Anthropic has signed a $1.8 billion computing deal with Akamai Technologies spanning seven years, according to Bloomberg. The deal gives Anthropic access to Akamai’s distributed infrastructure across 4,300 locations in 700 cities and 130 countries for AI inference workloads. Akamai stock surged 20% on the announcement.
What the Deal Covers
Akamai CEO Tom Leighton confirmed the commitment in the company’s Q1 earnings press release on Thursday, describing the customer as a “leading frontier model provider” without naming Anthropic directly. Bloomberg identified the provider as Anthropic, citing people familiar with the matter.
“We operate the world’s most distributed platform, and we have our infrastructure in 4,300 places, 700 cities in 130 countries,” Leighton told CNBC. “Now we’re using it to support AI so our customers, agents and AI apps can run right near their users, and the data provide a much faster experience.”
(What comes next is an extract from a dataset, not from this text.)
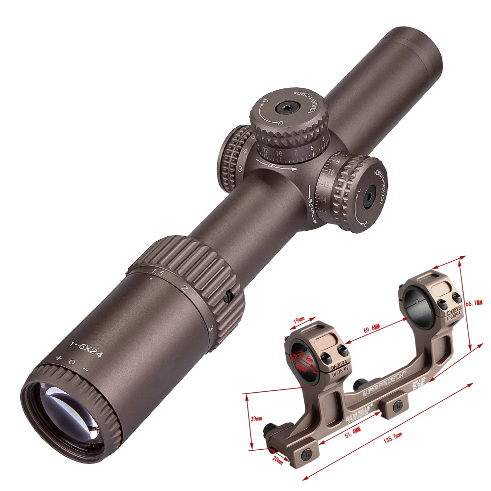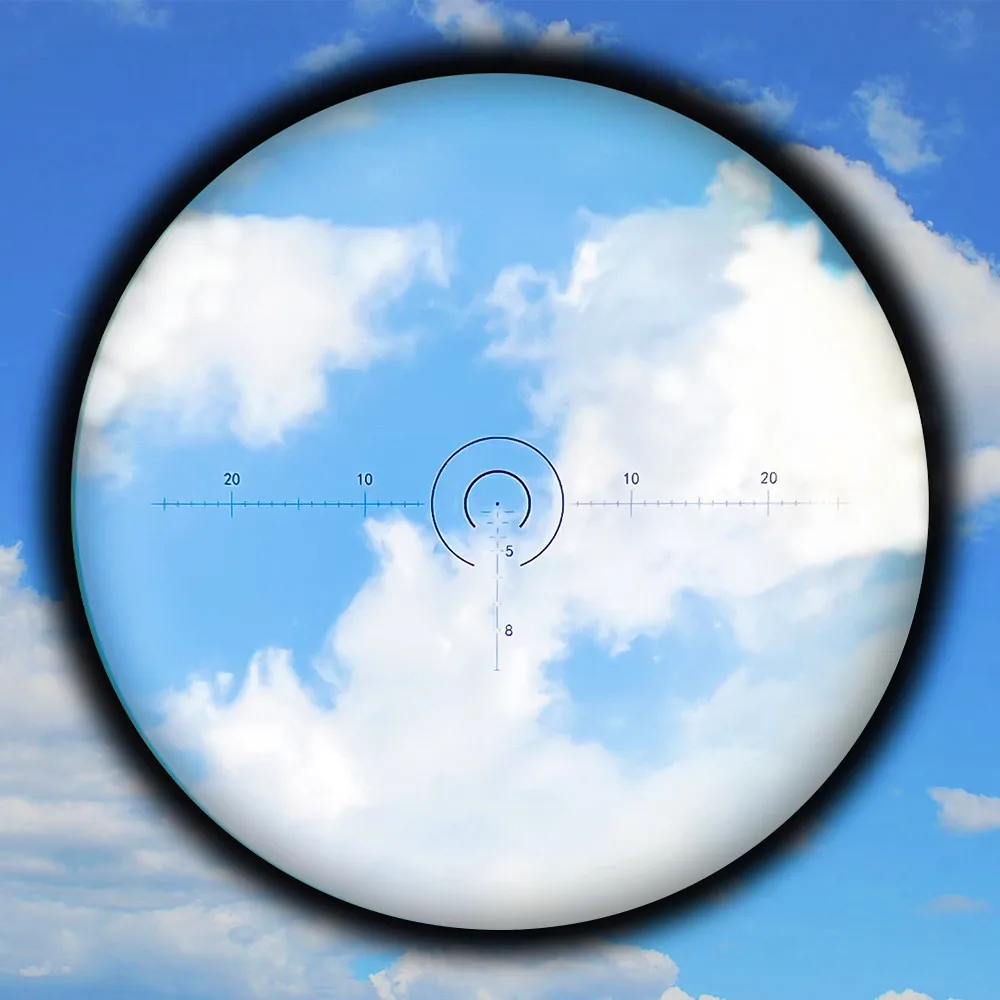 El pequeño círculo es de 5 MiL. El punto central es de 1 MOA.

Akamai’s cloud infrastructure revenue grew 40% year over year to $95 million in Q1, according to CNBC. Total quarterly revenue rose 6% to over $1 billion. The company projected Q2 revenue between $1.08 billion and $1.1 billion.
Third Major Infrastructure Deal in Two Weeks
The Akamai commitment marks Anthropic’s third major infrastructure deal disclosed this month. On May 7, Anthropic confirmed a partnership with SpaceX to use all compute capacity at the Colossus 1 data center, a 300MW facility with 220,000 GPUs. That same day, reporting confirmed Anthropic had committed to spending $200 billion on Google Cloud services and TPU capacity over five years.
The Akamai deal serves a different function than the SpaceX and Google commitments. Where Colossus and Google Cloud provide raw training and large-scale inference compute, Akamai’s distributed edge network positions Claude inference closer to end users globally. Akamai CTO Robert Blumofe told CNBC last week that the company already operates an AI inference cloud and plans to expand further.
Why Edge Compute Matters for Agents
Latency is a binding constraint for autonomous agents that execute multi-step workflows. An agent running a 15-step task accumulates round-trip delays on every inference call. Distributing inference to 130 countries reduces that overhead for enterprise customers operating globally.
“I think we’ve been undervalued for a while, and investors have been looking for some real validation that our different approach is going to pay off,” Leighton told CNBC. “We’re going to be in a great position to enable and secure the new AI economy.”
Anthropic’s Compute Appetite
Combined, Anthropic’s disclosed infrastructure commitments now exceed $200 billion across Google Cloud, SpaceX, and Akamai. The company is also reportedly exploring a $50 billion fundraising round that could value it near $1 trillion, according to the Financial Times. Much of that capital would fund further compute expansion.
For Akamai, the deal validates a strategic pivot from content delivery into AI infrastructure. Shares are now up 65% over the past 12 months.